Женечка впервые по-настоящему разозлилась за всё. Глеб, личный водитель Бориса, ещё два дня назад сказал, что начальника снимают вместе с главным лысоватым грозным мужчиной. Это означало освобождение от тирании, на которое решиться самостоятельно она не могла, но в то же время женщина теряла заработок, какие-никакие привилегии (лагерь для дочек, льготные ссуды), и привычный компромисс деньги в обмен на оскорбления перестал работать.  Борис из мерзкого типа, с которым приходится считаться, разом превратился в ничто.
- Вас же сняли с должности, вот Глеб и занялся поисками работы – злорадно сказала Женечка. – Мне нужно заняться тем же самым, поэтому я зашла сказать, что уйду сегодня после обеда.

Бориса словно ударили по голове. Он не сразу оправился от такой дерзости, растерялся и молча стоял, немного раскрыв рот. Прошло не меньше десяти секунд, пока его сознание не прояснилось, и он во что бы то ни стало не решил восстановить статус-кво.

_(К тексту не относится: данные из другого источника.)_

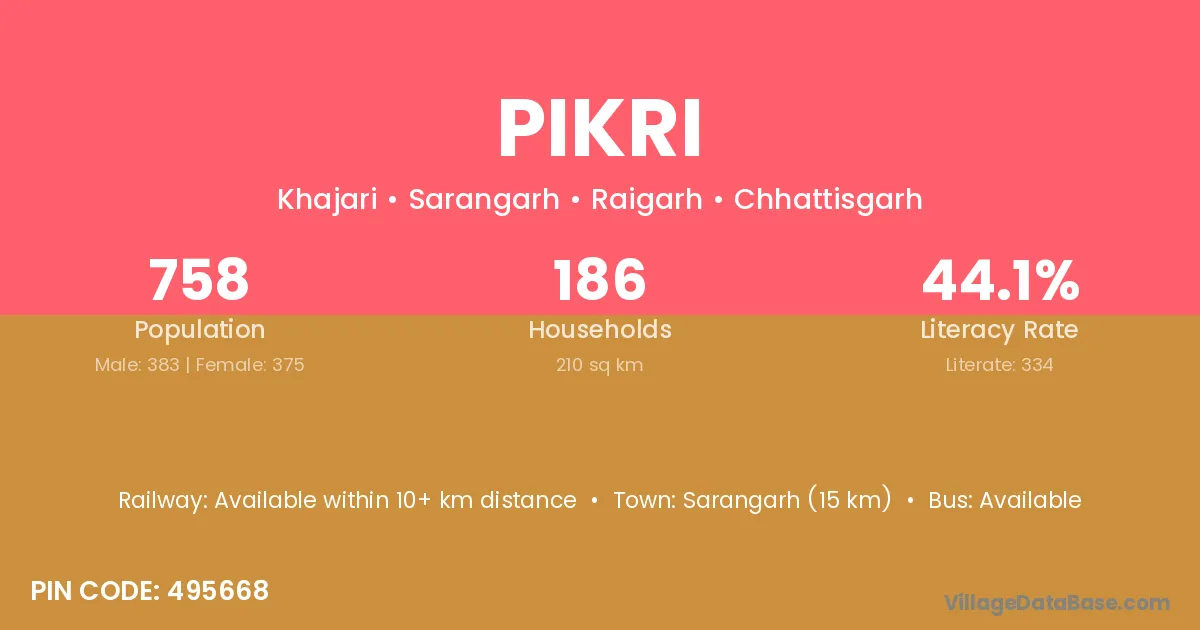 Sarangarh (15 km) is the nearest town to Pikri village for major economic activities and is located approximately 15 km away.

- Женечка, да ты совсем о…ла! Тварь! Уйдешь тогда, когда я тебе это разрешу!

Полка с сувенирами смачно брякнулась о пол, и осколки фигурок и других подарков щедро разлетелись по кабинету. Женечка впервые психанула, а когда она сильно злилась, её внешность была обманчива: на вид хрупкая девушка обретала такую силу, что способна была уничтожить все предметы в зоне видимости, какими бы тяжёлыми они ни были.

- А теперь, Борис Аркадьевич, идите на х…й! Пьяное ничтожество! Слава богу, мне больше не придётся вас терпеть. Бесстыдник! Упырь! – с этими словами Женечка быстро вышла за дверь, а Борис в ярости выбежал за ней.

-Стой, ублюдина!

В просторных коридорах администрации, как назло, было столпотворение. Клерки и функционеры, узнавшие о скорых отставках, беспокойно шептались между собой при встрече, гадая, как это всё скажется на их работе. И именно перед кабинетом Бориса собрались соседские аппаратчики, две полные женщины и плешивый старикан, которые уставились на сперва выбежавшую Женечку, а потом и на него.

- Я вам всё сказала, слизняк! Ты… Ты мучил меня все эти годы!! Мразь! Да будь ты проклят за всё, что сделал! Я жене твоей расскажу, как ты меня третировал, совратить пытался, как ты пил здесь беспробудно, как девочек заказывал! Понял? Как я жалею, что во всём тебя прикрывала.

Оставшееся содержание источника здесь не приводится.